One of the more difficult lessons we learn as financial advisors is that our clients tend to forget the level of anxiety, and in some cases, absolute terror, that accompany bear markets. This bout of forgetfulness typically accompanies bull markets, or in the recent case, very long bull markets. Those advisors who guided clients through the bear markets of 2000 – 2001, or 2007 – 2009, remember the stomach churning levels of fear that accompanied the market’s daily grind to seemingly endless new lows. As risk markets make new highs and the current bull market extends its history-making advance, those advisors who are good storytellers should take liberal license in spinning tales of “the bad old days,” reminding clients who are focusing on greed that fear is the other side of that old coin. For those who prefer a more academic approach to client education, they might share the overwhelming data showing that long-term stock market returns are significantly lower than their historic averages, and volatility is significantly higher, following periods of high market valuations such as we currently experiencing. Don’t be surprised to find that clients forget the data but remember the stories, especially when the market news turns sour.

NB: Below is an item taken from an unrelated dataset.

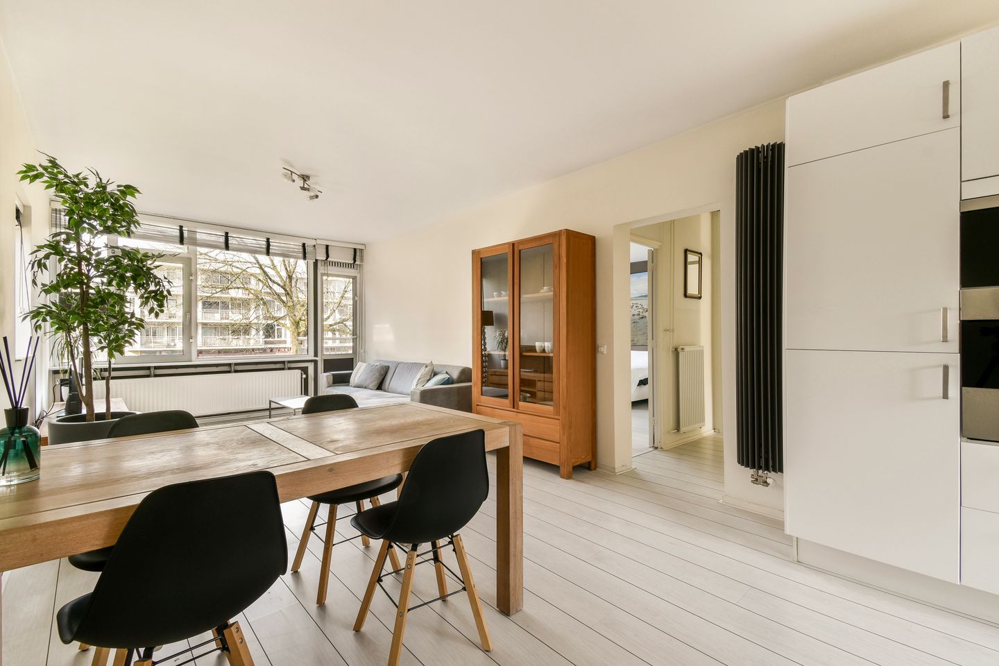 The generous living room offers ample space for a cozy dining area and a comfortable sitting area. Thanks to the corner location, you can enjoy an unobstructed view of A.J. Ernststraat, creating a sense of spaciousness and extra natural light. From the second hallway, you can access the two bedrooms and the bathroom. The spacious master bedroom at the rear, originally consisting of two rooms, provides direct access to the sunny southwest-facing terrace, where you can relax until late in the afternoon. The second bedroom at the front is also bright and spacious, perfect as a guest room or home office. The apartment offers the possibility to easily create a third bedroom by dividing the spacious master bedroom into two separate rooms

Another way to prepare your clients for bear markets is to translate percentage market declines into absolute dollar portfolio declines. Many clients will bravely state that they can wait their way through a 25% eighteen-month stock market decline. But they get more thoughtful when contemplating a $140,000 decline in their $1 million portfolio. Clients typically put dollar declines into the familiar context of losing current income or spending while percentages simply don’t have the same emotional connection. Try this, “Remember what it felt like to open your portfolio statement to see that the value of your portfolio was down $15,000 that month? How did that make you feel when you remembered that your portfolio declined by $7,000 the month before?” (I know that opening portfolio statements doesn’t often happen in a world where our clients go online to see portfolio stats… but go with me here.) And yes, clients often forget these forward looking “fire drill” conversation in the middle of the extreme decision regret that comes with every bear market, but it certainly helps to gingerly refer to these conversations when your client is asking you to change to a more conservative portfolio policy at or near a market bottom.
The question of how to best manage portfolios through bear markets begs the question of whether financial planners should “manage” client portfolios during different parts of a market cycle at all. After all, if you believe that a properly diversified portfolio sitting nicely on the efficient frontier represents all that can reasonably be done to mitigate risk in a bear market, and that rebalancing to a fixed mix portfolio policy represents advanced active portfolio management, then you and your clients are doomed (if you are a believer, the better word is “prepared”) to collect 100% of whatever market volatility comes your way, including those unfortunate peaks in correlation, and corresponding plunges in portfolio value, that occur with pesky regularity during steep market declines. For those advisors who refuse to incorporate more active strategies for managing risk, it is imperative that they educate clients about “worst case” historical portfolio declines. The message here is patience, patience, patience. As long as the client is willing to accept the implied short-term and long-term volatility of their investment policy derived on a needs basis through the lens of a well-crafted financial plan, then all should be well.
For those clients who prefer an additional level of downside risk management in dangerous markets, Pinnacle provides several options that fit the bill. Unfortunately, risk management connotes the frightening (for some) or enlightening (for believers) specter of market timing. Interestingly, managing client expectations is just important for active managers as it is for passive strategies. Clients should be willing to accept the implied volatility of their portfolio policy even though they’ve employed the services of an active manager that claims to employ a variety of methods to sell risk assets prior to a market decline. This client message makes sense when you consider that both quantitative and qualitative methods for managing risk have a disturbing tendency to “work until they don’t work.” In many cases, when managing downside risk the problem here equates to the “opportunity cost” of being out of the market in a stock market rally. Client education must include a discussion about the difference between opportunity costs to the upside versus collecting 100% of market volatility to the downside. For your risk averse clients, they will be eager to agree that opportunity risk is a risk that they are willing to take.
In Pinnacle’s case we have been managing risk since 2002, which leads me to my last observation. Beware of manager-driven, or quantitatively driven, strategies built on only one factor. It could be momentum, or value, or interest rates, or something else, but choose a strategy based on an underlying philosophy that more is better when making portfolio decisions. We call these factors “building blocks” to our investment view. Our conviction in the message from each block allows us to build our portfolio construction from the bottom up, and allows us to properly manage the perceived risks of making an investment mistake. Which raises the question, is buying, holding, and rebalancing, after a ten-year bull market, the biggest investment mistake of all?